Problem to work on: Transcribe the records below exactly as they appear, omitting any pictures.

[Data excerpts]
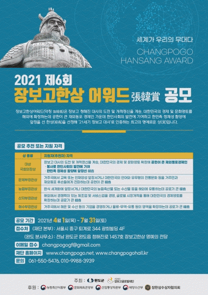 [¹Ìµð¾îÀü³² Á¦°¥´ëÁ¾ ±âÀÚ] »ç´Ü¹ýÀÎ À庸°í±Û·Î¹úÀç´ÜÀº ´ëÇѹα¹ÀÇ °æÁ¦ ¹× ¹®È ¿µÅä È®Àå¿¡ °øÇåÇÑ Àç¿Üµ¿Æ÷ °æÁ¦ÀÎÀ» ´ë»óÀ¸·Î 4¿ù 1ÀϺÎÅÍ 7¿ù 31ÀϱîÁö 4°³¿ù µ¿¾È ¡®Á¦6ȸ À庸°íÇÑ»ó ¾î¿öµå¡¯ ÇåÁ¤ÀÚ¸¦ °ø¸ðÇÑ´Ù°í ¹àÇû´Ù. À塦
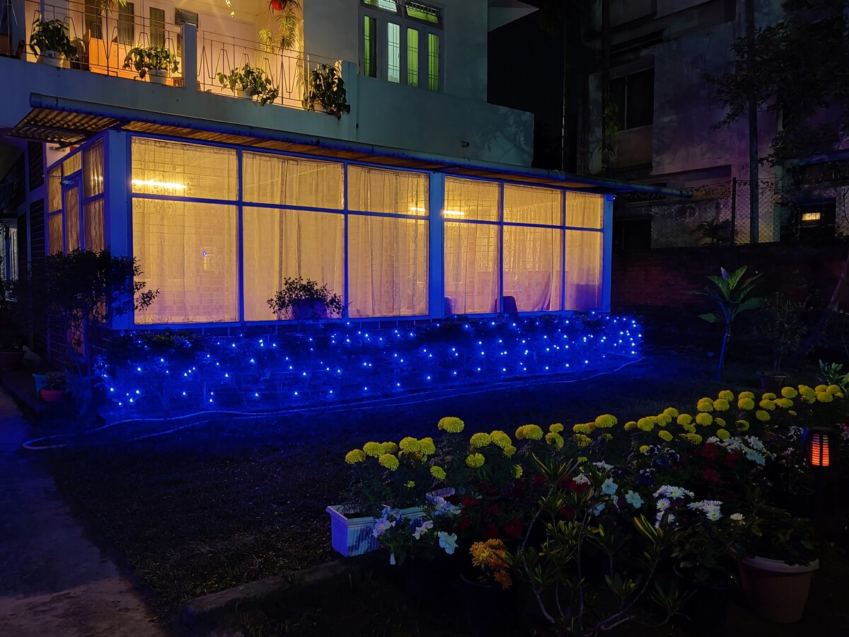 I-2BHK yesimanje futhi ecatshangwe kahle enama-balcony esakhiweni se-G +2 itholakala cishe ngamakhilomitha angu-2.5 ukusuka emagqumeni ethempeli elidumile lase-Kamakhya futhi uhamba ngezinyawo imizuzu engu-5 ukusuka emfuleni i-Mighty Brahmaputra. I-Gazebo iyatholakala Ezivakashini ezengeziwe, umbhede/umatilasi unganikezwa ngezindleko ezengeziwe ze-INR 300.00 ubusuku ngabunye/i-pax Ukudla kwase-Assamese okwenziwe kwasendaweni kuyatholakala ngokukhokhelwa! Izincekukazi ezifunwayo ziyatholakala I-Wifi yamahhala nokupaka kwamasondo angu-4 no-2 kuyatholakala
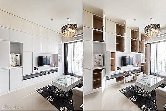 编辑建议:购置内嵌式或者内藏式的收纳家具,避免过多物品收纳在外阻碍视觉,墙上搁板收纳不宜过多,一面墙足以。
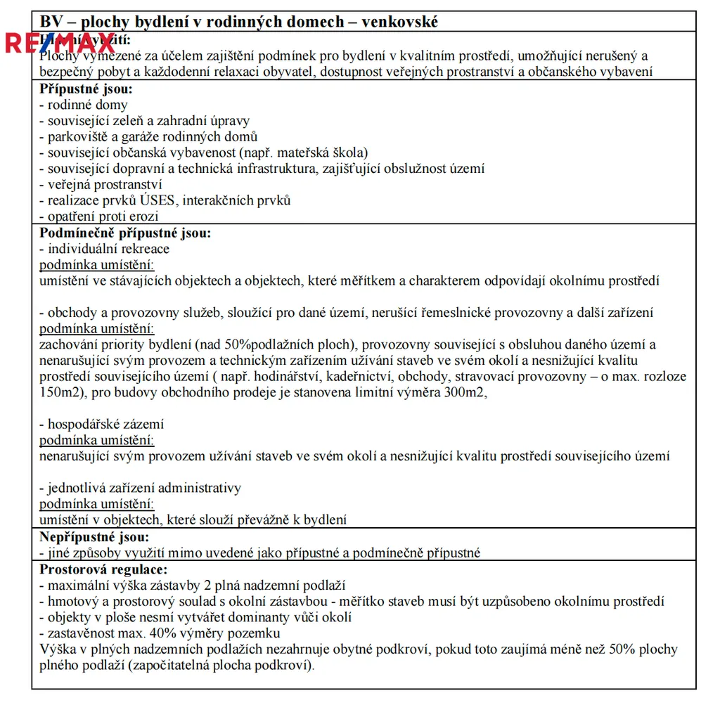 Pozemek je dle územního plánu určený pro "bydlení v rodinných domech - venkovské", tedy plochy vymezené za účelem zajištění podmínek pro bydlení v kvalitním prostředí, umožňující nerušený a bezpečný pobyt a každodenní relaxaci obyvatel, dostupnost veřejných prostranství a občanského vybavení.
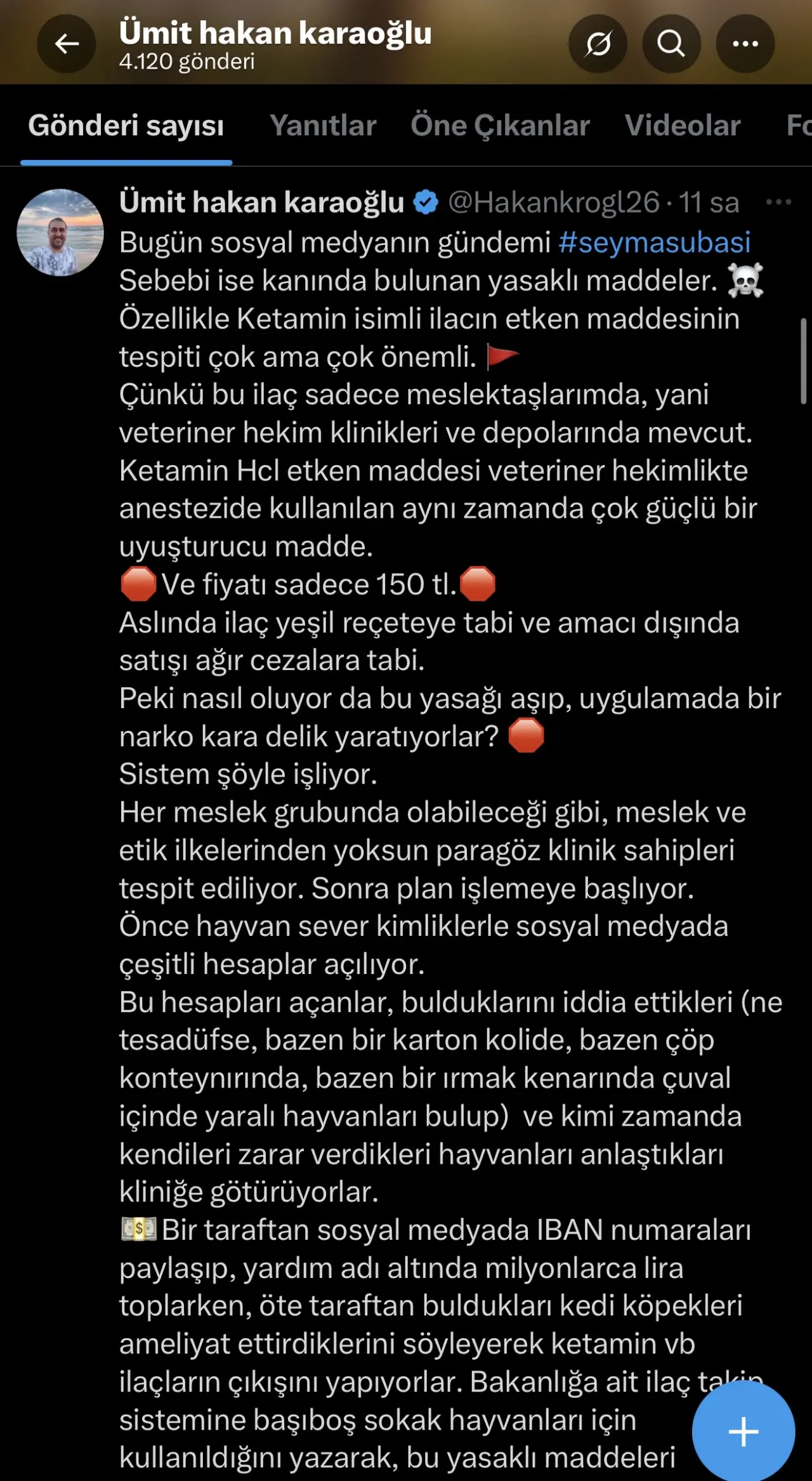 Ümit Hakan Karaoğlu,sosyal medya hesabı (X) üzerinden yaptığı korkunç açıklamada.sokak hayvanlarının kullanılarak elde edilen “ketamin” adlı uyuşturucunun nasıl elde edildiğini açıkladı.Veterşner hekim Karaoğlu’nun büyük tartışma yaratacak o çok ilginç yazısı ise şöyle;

Reply:
 [¹Ìµð¾îÀü³² Á¦°¥´ëÁ¾ ±âÀÚ] »ç´Ü¹ýÀÎ À庸°í±Û·Î¹úÀç´ÜÀº ´ëÇѹα¹ÀÇ °æÁ¦ ¹× ¹®È ¿µÅä È®Àå¿¡ °øÇåÇÑ Àç¿Üµ¿Æ÷ °æÁ¦ÀÎÀ» ´ë»óÀ¸·Î 4¿ù 1ÀϺÎÅÍ 7¿ù 31ÀϱîÁö 4°³¿ù µ¿¾È ¡®Á¦6ȸ À庸°íÇÑ»ó ¾î¿öµå¡¯ ÇåÁ¤ÀÚ¸¦ °ø¸ðÇÑ´Ù°í ¹àÇû´Ù. À塦
 I-2BHK yesimanje futhi ecatshangwe kahle enama-balcony esakhiweni se-G +2 itholakala cishe ngamakhilomitha angu-2.5 ukusuka emagqumeni ethempeli elidumile lase-Kamakhya futhi uhamba ngezinyawo imizuzu engu-5 ukusuka emfuleni i-Mighty Brahmaputra. I-Gazebo iyatholakala Ezivakashini ezengeziwe, umbhede/umatilasi unganikezwa ngezindleko ezengeziwe ze-INR 300.00 ubusuku ngabunye/i-pax Ukudla kwase-Assamese okwenziwe kwasendaweni kuyatholakala ngokukhokhelwa! Izincekukazi ezifunwayo ziyatholakala I-Wifi yamahhala nokupaka kwamasondo angu-4 no-2 kuyatholakala
 编辑建议:购置内嵌式或者内藏式的收纳家具,避免过多物品收纳在外阻碍视觉,墙上搁板收纳不宜过多,一面墙足以。
 Pozemek je dle územního plánu určený pro "bydlení v rodinných domech - venkovské", tedy plochy vymezené za účelem zajištění podmínek pro bydlení v kvalitním prostředí, umožňující nerušený a bezpečný pobyt a každodenní relaxaci obyvatel, dostupnost veřejných prostranství a občanského vybavení.
 Ümit Hakan Karaoğlu,sosyal medya hesabı (X) üzerinden yaptığı korkunç açıklamada.sokak hayvanlarının kullanılarak elde edilen “ketamin” adlı uyuşturucunun nasıl elde edildiğini açıkladı.Veterşner hekim Karaoğlu’nun büyük tartışma yaratacak o çok ilginç yazısı ise şöyle;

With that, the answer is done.